Katie Notopoulos: I like to think I'm an optimist. Right? But I feel like that's one of the mistakes of early tech reporting: to be totally optimistic about the tech industry. Like: Have you heard of this new Facebook thing? This is gonna be awesome. This is so cool. There's this guy who started this company in his dorm room, and now it's amazing.
VFD: It's connecting people.
Katie Notopoulos: But the internet is a really bad place for a lot of people. It makes a lot of people feel bad. And it has been designed in a way that has not created safety for a lot of people.

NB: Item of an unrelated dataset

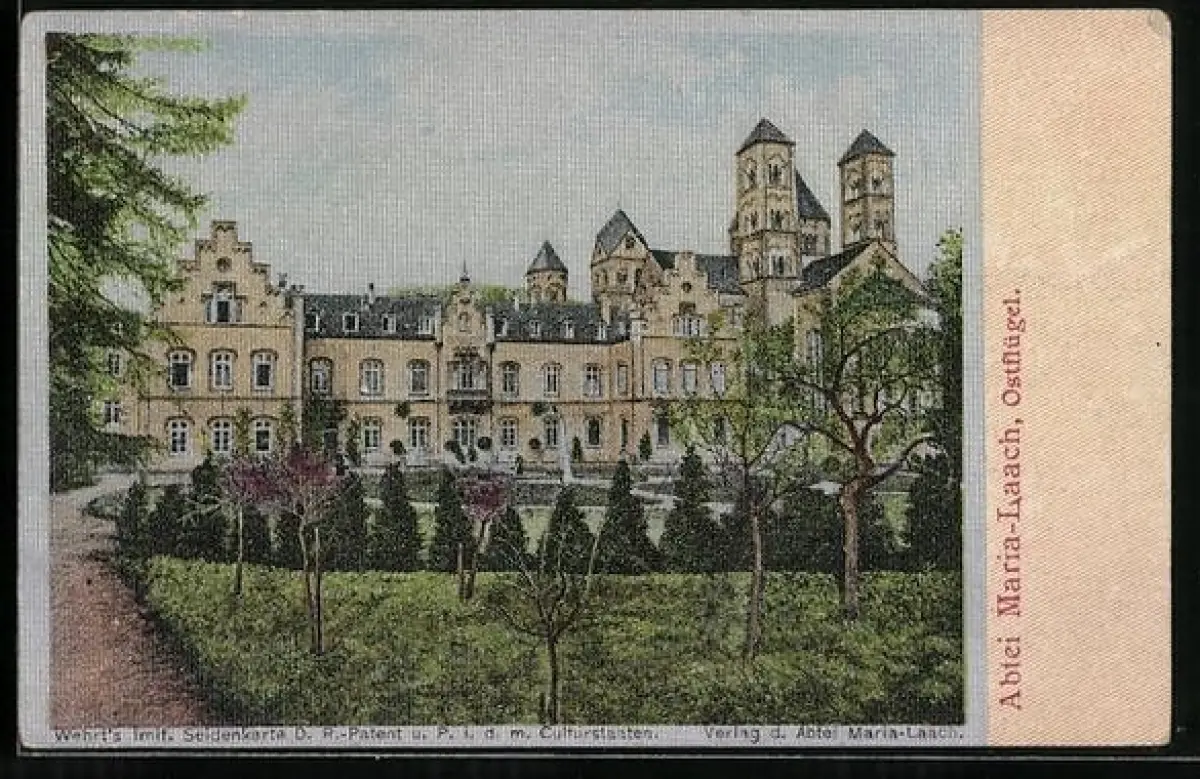 Seiden-Imitations-AK Wehr / Laacher See, Abtei Maria-Laach

I honestly do feel like a lot of stuff has gotten better in some ways. Like, I feel like Twitter is a really good example where Twitter has actually done a pretty good job of cleaning up its harassment and abuse problem. It's obviously not solved. But if you think back to 2015, when it was truly a cesspool of actual Nazis and stuff, they made a lot of changes that actually made it better. So things can change like a trend in an upward direction.
VFD: I guess it’s actually not an internet question. It’s a subculture question. And that you have that optimism moreso for the subcultures that exist online in a way that people regularly point and laugh at in an aggressive and mean way. And I just have never felt that way about anything you've written. It's more like: people are living their lives, and if they choose to do it this way this person chooses to do so.

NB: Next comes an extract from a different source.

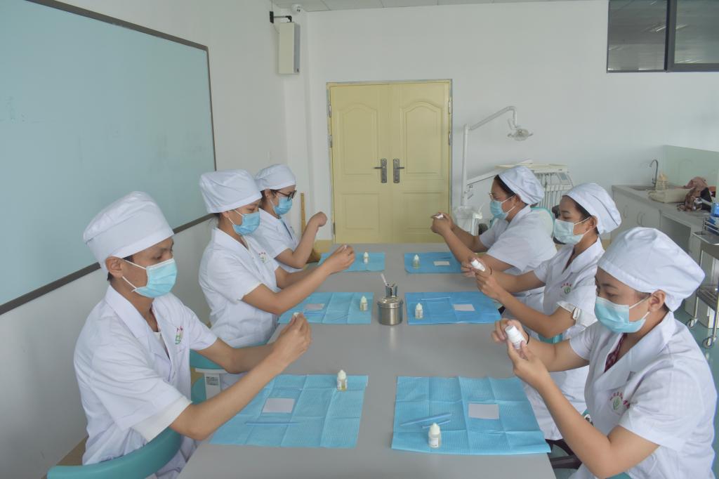 校内实训:学院拥有完善的口腔实训条件,包括口腔基础实训中心及标本模型陈列室、口腔临床技能实训中心、口腔颌面放射实训室、口腔模拟诊室等,能够满足口腔护理实训教学。另外,学院紧紧依托红河州妇幼保健院口腔科、红河州第一人民医院(附属医院)口腔科以及蒙自市人民医院口腔科作为我校的口腔护理临床见习和实习的就近基地,能够满足学生的临床见习、实习需求。

Katie Notopoulos: Y’know, my feelings on that have evolved in a positive way. And I think I probably have come to that over time – people's opinions about life should change.
I remember one time I made a post on BuzzFeed that was kind of making fun of people who are adult baby diaper lovers. And a bunch of them – diaper lover fans – reached out to me and were like: This was really hurtful. And I was like: Yeah, you know what, Fuck. I fucked up there.
That was wrong. But I mean, there is something funny about being an adult baby diaper lover.
VFD: Right.
Katie Notopoulos: And I think that even adult baby diaper lovers know that to some degree.
I feel like the group that I have such a complicated relationship with is furries.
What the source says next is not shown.